Convergence to the Mahler measure and the distribution of periodic points for algebraic Noetherian $\mathbb{Z}^d$-actions (1611.04664v2)

Abstract: For every $P \in \mathbb{Z}[x_1^{\pm 1}, \ldots, x_d^{\pm 1}] \setminus {0}$, and every $\varepsilon > 0$, we prove that there are a computable function $M = M(d,\varepsilon,\deg{P},h(P)) < \infty$ and a finite union $Z = Z(d,\varepsilon,\deg{P},h(P))$ of proper torsion cosets $\boldsymbol{\mu} T \subsetneq \mathbb{G}_m^d$ such that, for every $N \in \mathbb{N}$, $Z$ contains all but at most $M$ of the torsion points $\boldsymbol{\zeta} \in \mu_N^d$ satisfying $|P(\boldsymbol{\zeta})| < e^{-\varepsilon \phi(N)}$. This extends a well known structural theorem from torsion points lying exactly on a variety to torsion points lying very near to the subvariety.
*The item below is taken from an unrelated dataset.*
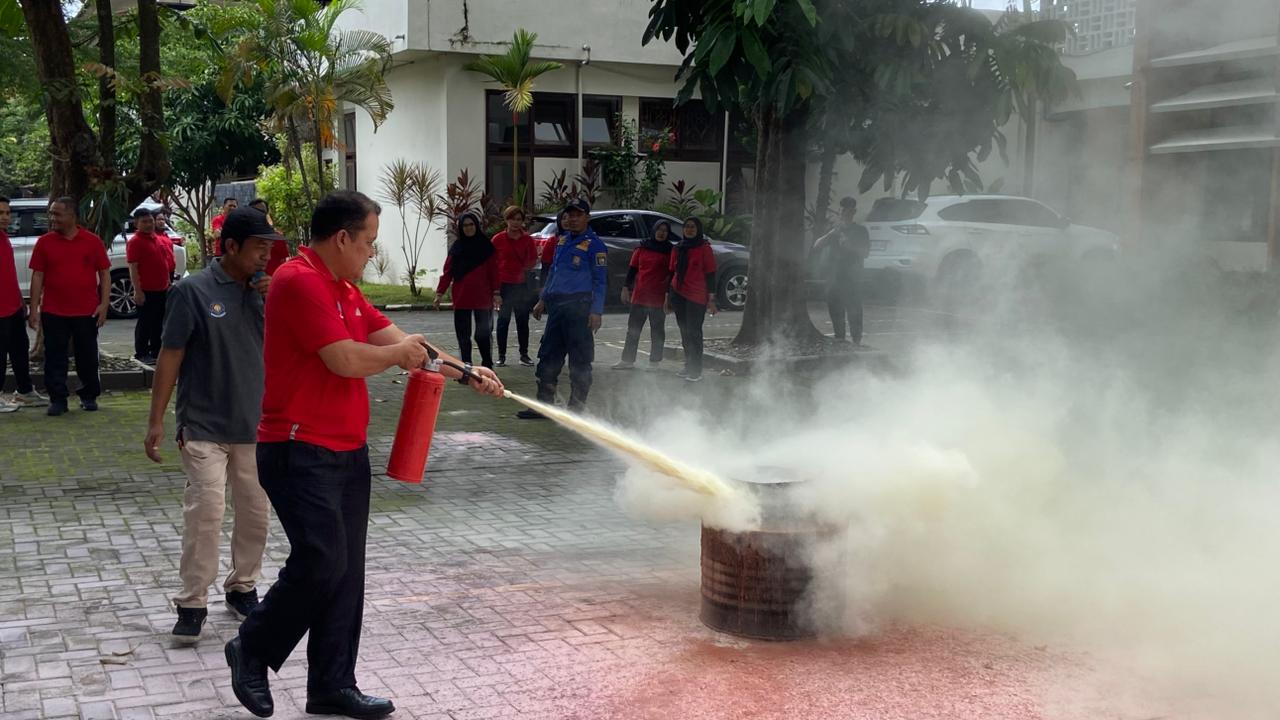 Usai penyampaian materi, kegiatan dilanjutkan dengan simulasi evakuasi bencana dan pemadaman api menggunakan Alat Pemadam Api Ringan (APAR) serta praktik teknik dasar penanggulangan kebakaran yang dilaksanakan di halaman Pengadilan Negeri Yogyakarta. Kegiatan berlangsung lancar dan penuh antusiasme. Para peserta aktif mengikuti instruksi, sekaligus berlatih langsung menggunakan APAR untuk memadamkan api. Melalui kegiatan ini, diharapkan seluruh aparatur Pengadilan Negeri Yogyakarta semakin memahami pentingnya keselamatan dan keamanan di lingkungan kerja serta mampu merespons situasi darurat dengan cepat, tepat, dan terkoordinasi.

As a consequence, we prove that the averages of $\log{|P(\mathbf{x})|}$ over $\mu_N^d$ converge as $N \to \infty$ to the Mahler measure of $P$. By the work of B. Kitchens, D. Lind, K. Schmidt and T. Ward, the convergence consequence amounts to the following statement in dynamics: For every Noetherian $\mathbb{Z}^d$-action $T : \mathbb{Z}^d \to \mathrm{Aut}(X)$ by automorphisms of a compact abelian group $X$ having a finite topological entropy $h(T)$, the exponential growth rate of the number of connected components of the group $\mathrm{Per}_N(T)$ of $N \cdot \mathbb{Z}^d$-periodic points of $(X,T)$ exists as $N \to \infty$, and equals the topological entropy $h(T)$. Moreover, it follows that all weak-$*$ limit measures of the push-forwards of the Haar measures on $\mathrm{Per}_N(T)$, under any a sequence of positive integers $N$, are measures of maximum entropy $h(T)$. Our main arithmetic result extends to Diophantine approximation by points of sufficiently small canonical height. It is best possible in such a generality, where an exceptional set is an inevitable feature.